The list of stations provided by Shell includes “those stations where Motiva believes its gasoline was supplied during the affected time period,” said Shawn Frederick, a Shell spokesman. But the list doesn’t say which stations sold problem gasoline.

For example, Frederick said, some of the bad gasoline might have been mixed with other gasoline in storage tanks at the gas stations. This blending, he said, could have diluted the bad gas enough that it would not hurt a car’s gas gauge.

Also, Frederick said, just because a station received the bad gas, that doesn’t mean the station sold it, or, if so, for how long.

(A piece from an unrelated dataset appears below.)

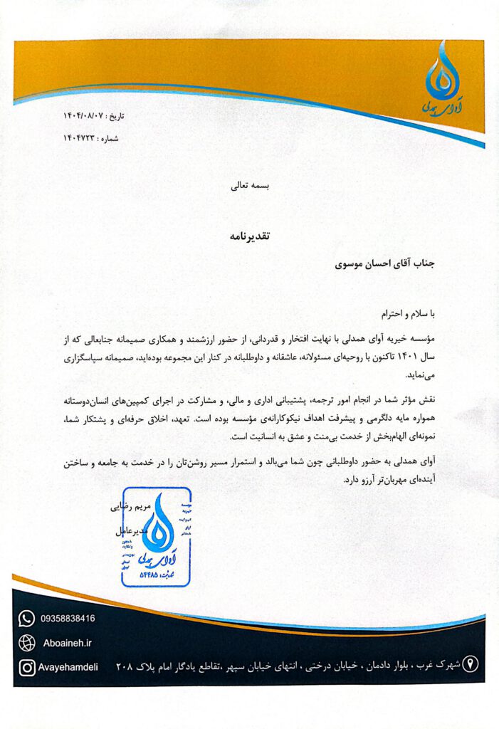 The Avayeh Hamdeli Charity Institute takes pride and expresses sincere appreciation for the valuable presence and sincere cooperation of Mr. Ehsan Mousavi who has been with us since 2022 (1401) with a responsible, dedicated, and voluntary spirit.

Shell’s list also fails to include some stations operating under different brands that bought the gas from Motiva and might have resold it. About 40 Chevron stations, a handful of ExxonMobil stations and some independent stations also received the gas.

Finally, Shell’s list leaves out dates of when the gasoline was delivered to the stations.

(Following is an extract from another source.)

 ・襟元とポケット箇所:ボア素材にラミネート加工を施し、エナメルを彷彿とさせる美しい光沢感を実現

On May 26, Shell announced it temporarily had suspended the sale of gasoline at 108 company-owned stations in the New Orleans region. Later, the company said it also had closed pumps at about 90 independently owned stations, bringing the total to 198. Although Shell restored service at all but a handful of stations by May 30, the incident left drivers in a cloud of uncertainty as they took to the highways for trips during the Memorial Day weekend.

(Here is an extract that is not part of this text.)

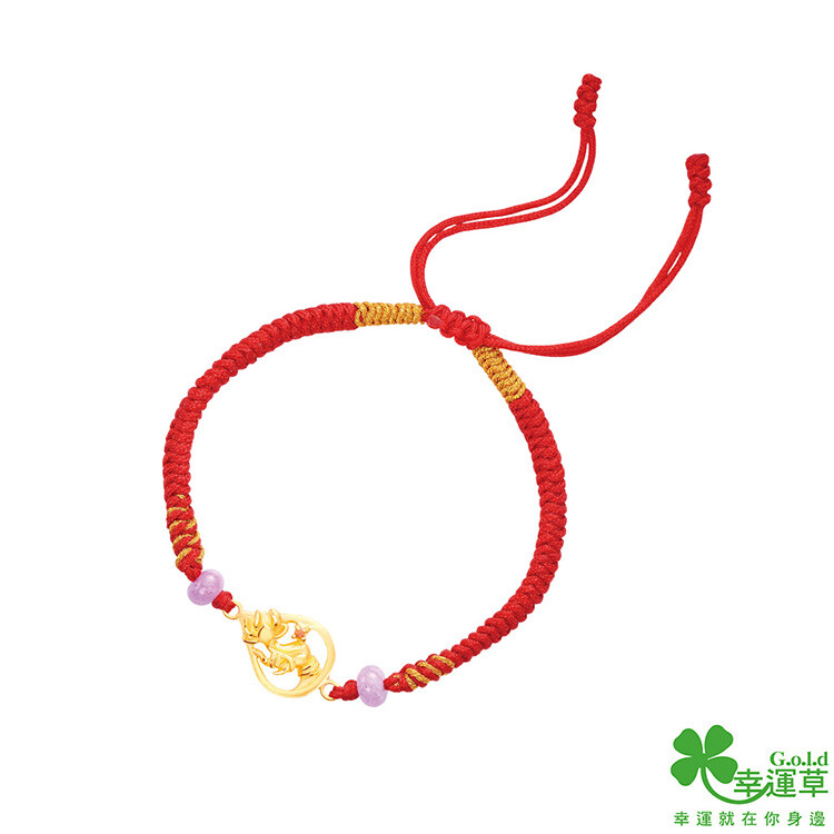 幸運草金飾 如意佛手黃金紅繩編織手環

The new information also indicates that Shell erred on the side of caution in handling the situation. Although the company closed pumps at 198 stations, at least 33 of those stations had not received the bad gas.

Among those welcoming the list of stations is John Taylor of Covington. Taylor said he’s noticed problems with the fuel gauges on his 2002 Chevrolet Silverado pick-up and 1996 Chevrolet Corsica. But Taylor said clerks at the Shell stations in Covington and Mandeville where he normally buys gas told him that the stations hadn’t been affected.

The stations, in fact, are on the list.

Taylor said that knowing the stations received bad gasoline from Motiva “gives me a little peace of mind” as he prepares to file a claim asking Shell to pay to repair his vehicles.

Shell has agreed to pay for repairs and as of last week had received about 30,000 claims from drivers in Louisiana and Florida. Some gasoline from the Norco refinery was sent to Florida and sold from Port Everglades and Tampa stations.

Louisiana Attorney General Charles Foti’s office refused requests to release information it had concerning locations that might have sold the bad gasoline. Initially, a spokeswoman said the attorney general would not release the list because of “attorney client privilege.” Later, in denying a request filed under the Louisiana Public Records Act for a list of stations “where . . . problem gasoline was sold,” Isabel Wingerter, chief of Foti’s consumer protection section, wrote, “We have no conclusive list that identifies those stations.”

In an interview, Wingerter said the information Foti’s office had obtained would be useless to consumers.

“You’ve got the same list in your telephone book,” she said. “It lists every Shell station. That doesn’t mean every Shell station sold bad gas.”

Not all of the area’s stations were on the list released by Shell. In any case, Wingerter said, consumers don’t need a list to know if they bought bad gasoline.

“If they got bad gas, they know it,” she said.